Choose a tag to compare

@hussain-alsaibai hussain-alsaibai released this 28 Jun 17:10
461b35a

SnapDB v0.10.0 brings the columnar engine to performance parity with pandas/NumPy on analytics — while staying zero-dependency by default (NumPy is optional) and the lightest-memory store of the field. Covers everything since v0.7.0. Every change was adversarially reviewed (findings reproduced before fixing); CI is green across Linux 3.9–3.13 and Windows.

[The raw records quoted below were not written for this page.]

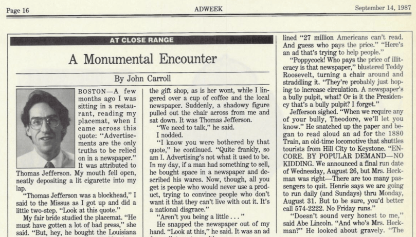 In 1987 I was a very unhappy creative director at a mid-sized ad agency in Boston (representative samples of my work here), when my boss decided it would be a good idea to get me out of town – specifically for a pricey road trip (on his dime) down the California coast.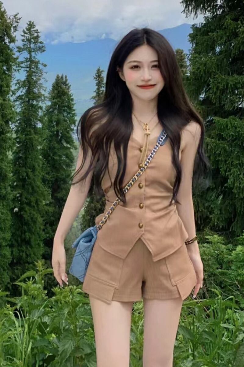 サマースーツの女性 2023 新しいスリムスリムチューブトップベストトップハイウエストワイドレッグカジュアルショーツ 2 点セット ハイウェスト 夏物 ブルマー ワイドパンツ nana43707281693 | modepoisson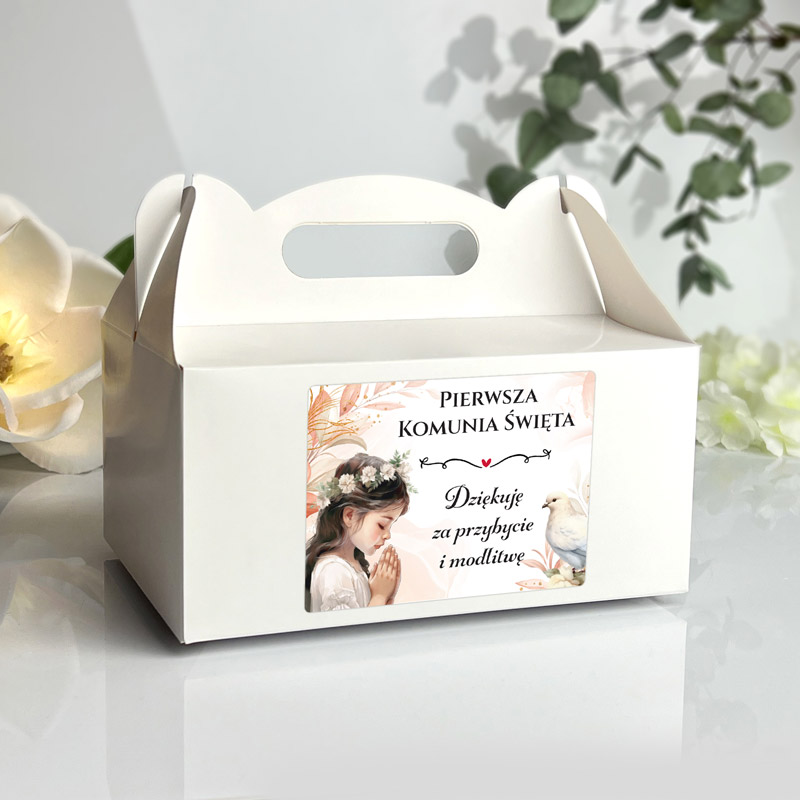 Naklejki etykiety na pudełko na ciasto komunijne 10 szt, sprawdź ofertę pudełek na ciasto komunijne oraz dekoracji sali na komunię.

⚡ Performance — now competitive with pandas

Workload (100K rows) Earlier v0.10.0 vs pandas
Full-scan aggregate (sum/min/max/avg) ~58M rows/s ~530M rows/s on par
Numeric filtered count (count_where) ~314M rows/s on par
Row-store bulk insert ~17K rows/s ~287K rows/s ~SQLite/pandas ballpark
Memory footprint 2.2 MB ~5× lighter than pandas
  • NumPy-accelerated aggregates (v0.8.0, #14) — aggregate() runs over the zero-copy column buffer when NumPy is installed (~13–27×). Exact parity with the pure-Python path; encoded columns and 64-bit-int sums fall through to the exact path. use_numpy=False forces pure-Python.
  • NumPy-accelerated filters + count_where() (v0.9.0, #14) — select_where() builds masks vectorially; the new count_where() does filtered counts with no row materialization (~166× on numeric predicates). f32/limit=0 parity fixes.
  • ~26× faster row-store bulk insert (v0.10.0, #13) — batch_insert() grows the file in a single truncate+remap for the whole batch instead of one per slab. On-disk format and durability unchanged.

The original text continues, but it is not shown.